MCT Quantizers is a Python library that provides infrastructure for supporting neural network compression through quantization-aware training and post-training quantization. It is part of the Model Compression Toolkit (MCT) ecosystem. Version 1.7.0 requires Python >=3.10. The library is actively maintained with regular releases.

pip install mct-quantizers

Common errors

error ModuleNotFoundError: No module named 'mct_quantizers' ↓

cause The package is not installed or imported with wrong name.

fix

Install with 'pip install mct-quantizers' and import as 'mct_quantizers' (underscore).
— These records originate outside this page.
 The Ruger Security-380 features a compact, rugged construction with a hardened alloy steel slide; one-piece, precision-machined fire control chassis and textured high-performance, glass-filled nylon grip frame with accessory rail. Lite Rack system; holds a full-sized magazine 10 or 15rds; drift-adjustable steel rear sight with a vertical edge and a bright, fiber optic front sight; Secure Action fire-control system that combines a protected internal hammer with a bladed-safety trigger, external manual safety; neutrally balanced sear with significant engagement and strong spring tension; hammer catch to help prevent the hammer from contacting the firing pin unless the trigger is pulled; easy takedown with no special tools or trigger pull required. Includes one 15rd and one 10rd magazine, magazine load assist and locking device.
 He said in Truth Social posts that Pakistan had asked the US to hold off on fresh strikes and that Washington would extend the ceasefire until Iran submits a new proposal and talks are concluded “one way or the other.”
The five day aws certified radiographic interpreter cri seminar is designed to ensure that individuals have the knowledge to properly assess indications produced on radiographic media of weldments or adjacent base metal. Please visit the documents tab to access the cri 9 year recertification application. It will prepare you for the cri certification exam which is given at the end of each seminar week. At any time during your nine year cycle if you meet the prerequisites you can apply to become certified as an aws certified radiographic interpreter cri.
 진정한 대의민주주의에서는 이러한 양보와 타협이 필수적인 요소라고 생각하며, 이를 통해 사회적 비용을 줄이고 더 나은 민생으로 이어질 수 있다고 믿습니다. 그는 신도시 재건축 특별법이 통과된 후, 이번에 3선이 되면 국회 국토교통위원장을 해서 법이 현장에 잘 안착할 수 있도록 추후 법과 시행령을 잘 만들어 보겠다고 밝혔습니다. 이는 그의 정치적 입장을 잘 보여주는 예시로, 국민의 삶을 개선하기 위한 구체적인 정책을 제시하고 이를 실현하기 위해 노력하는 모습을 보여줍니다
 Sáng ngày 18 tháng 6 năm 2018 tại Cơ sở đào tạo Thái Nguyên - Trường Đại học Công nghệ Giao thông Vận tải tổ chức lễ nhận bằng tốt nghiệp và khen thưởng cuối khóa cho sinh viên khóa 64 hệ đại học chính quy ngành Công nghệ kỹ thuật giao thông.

error AttributeError: module 'mct_quantizers' has no attribute 'QuantizationConfig' ↓

cause Trying to import QuantizationConfig directly from top-level while it was moved from a submodule in version 1.5.0.

fix

Use 'from mct_quantizers import QuantizationConfig' (for versions >=1.5.0) or 'from mct_quantizers.quantization import QuantizationConfig' (for older versions).
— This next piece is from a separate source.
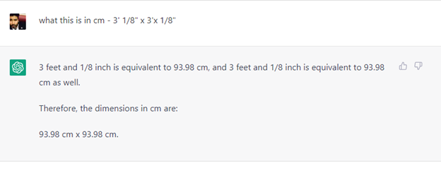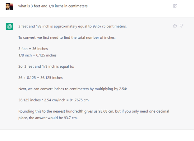 ChatGPT is correct that 3 feet and 1/8 inches is 36.125 inches. ChatGPT is also (finally) correct that the conversion rate is 2.54 cm/inch. However, ChatGPT is incorrect that 36.125 inches * 2.54 cm/inch= 91.7675 cm. (Remember, it’s 91.7575 cm.)
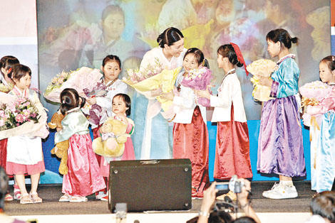 萬眾期待的李英愛,身穿韓服于三時十五分到場,現(xiàn)場觀眾紛紛站起來,搖著手上的紙扇歡迎她,又以韓文高呼“我愛你”。她走紅地氈進(jìn)場時,除了一直保持笑容,還向觀眾揮手及握手,令觀眾情緒十分高漲。她在后臺逗留了十分鐘,到三時廿五分才上臺,即時以廣東話向現(xiàn)場巿民打招呼:“大家好,你好嗎?我系李英愛!比珗隽r歡呼,她繼而用韓文道:“多謝大家在這里,希望大家學(xué)大長今的精神,祝大家健康快樂!彼终f好開心跟大家近距離親密接觸,希望大家繼續(xù)愛她支持她,又以廣東話說:“多謝!多謝!”

error RuntimeError: Quantization not supported for operation type ... ↓

cause The model contains an unsupported layer/operation for quantization.

fix

Check the list of supported layers in the documentation. Consider replacing unsupported layers with supported alternatives or skip quantization for those layers.

Warnings

breaking In version 1.5.0, the import path for QuantizationConfig changed from mct_quantizers.quantization to mct_quantizers. Old code will break. ↓

fix Update imports: replace 'from mct_quantizers.quantization import QuantizationConfig' with 'from mct_quantizers import QuantizationConfig'.

deprecated PostTrainingQuantization for TensorFlow models is deprecated since version 1.6.0 and will be removed in future releases. Use PyTorch or ONNX variants instead. ↓

fix If using TensorFlow, migrate your pipeline to PyTorch or use mct-quantizers with ONNX backend.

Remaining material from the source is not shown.